October 17, 2017
On September 7, 2017, the Health and Human Services Office of Inspector General (“OIG”) published Opinion 17-05 (“Opinion”) that allowed a retail pharmacy to include Medicare and Medicaid beneficiaries in the pharmacy’s discount benefit program. The OIG determined that the program design did not violate the beneficiary inducements clause under the Civil Monetary Penalty (“CMP”) law or the Anti-Kickback Statute (“AKS”). However, pharmacy providers should be mindful that the Opinion does not take into account state-specific laws that may impact the analysis, and it is fact specific. Interested providers should seek legal counsel prior to implementing similar discount programs.
The retail pharmacy chain requesting the Opinion (“Requestor”) operated a discount benefit program in which individuals paid an annual fee in exchange for: 1) access to discounts for certain retail items; 2) a discount on certain clinic services; and 3) store credit for future retail purchases of certain retail items (“Benefit Program”). The Benefit Program required participants to pay for any services or discounted items out-of-pocket, and the Requestor did not submit claims for any discounted items to a Federal health care program for reimbursement. The Requestor proposed allowing Medicare and Medicaid beneficiaries over 18 years of age to participate in the Benefit Program under the same terms and conditions.
The OIG determined that the proposed changes to the Benefit Program did not violate the CMP or the AKS. Specifically, and with regard to the CMP, the OIG determined that the proposal fit within a new CMP pharmacy discount exception published in December of 2016: 1) it met the definition of a “coupon” and “rebate;” 2) the items and services were offered on equal terms to the general public regardless of insurance status; and 3) the offer was not tied to the provision of other items or services reimbursed under a Federal health care program. With regard to the AKS, the OIG determined that, while no safe harbor or exception protected the Benefit Program, it posed little risk of fraud and abuse since no services or items were billed to a Federal health care program. The OIG viewed as favorable the requirement that members of the Benefit Program purchase discounted pharmacy items and services with their own funds.
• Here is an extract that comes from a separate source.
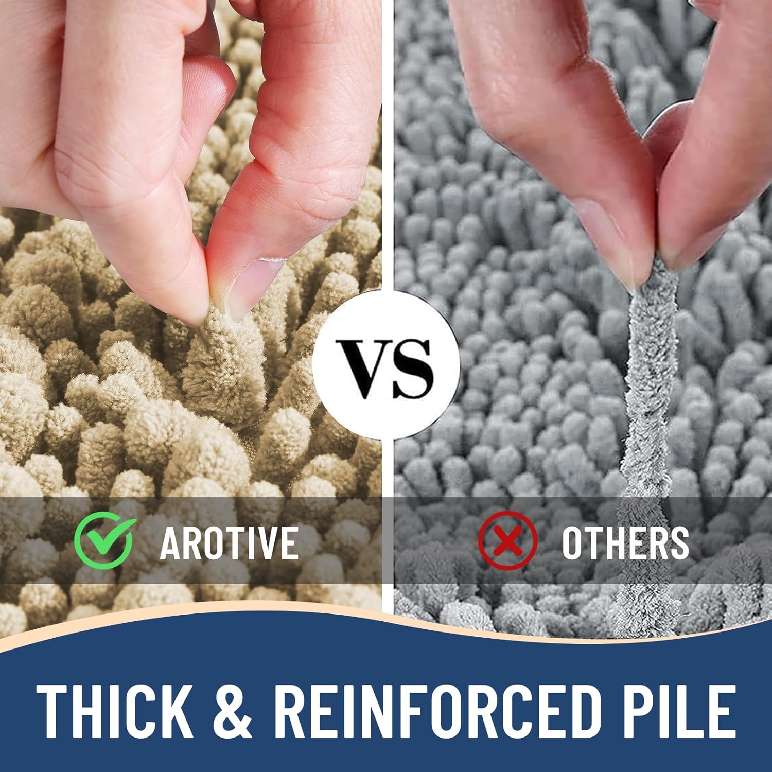 Arotive Luxury Chenille Bathroom Rug Mat, Extra Soft Thick Absorbent Shaggy Bath Rugs, Non-Slip Machine Wash Dry, Plush Bath Mats for Bathroom, Shower and Tub, 44x24, Beige

Indiana law also has regulations that govern pharmacy discount programs. The Indiana Office of Medicaid Policy and Planning (“OMPP”) published a Bulletin on March 23, 2013, that described specific requirements pharmacy providers must follow in order to bill a Medicaid beneficiary directly. Additionally, OMPP rules require pharmacy providers to account for discounts when reporting their usual and customary charges for purposes of Indiana Medicaid reimbursement. Accordingly, a provider interested in pursuing a similar program in Indiana should seek legal advice to determine compliance with the CMP, the AKS, and State Medicaid requirements.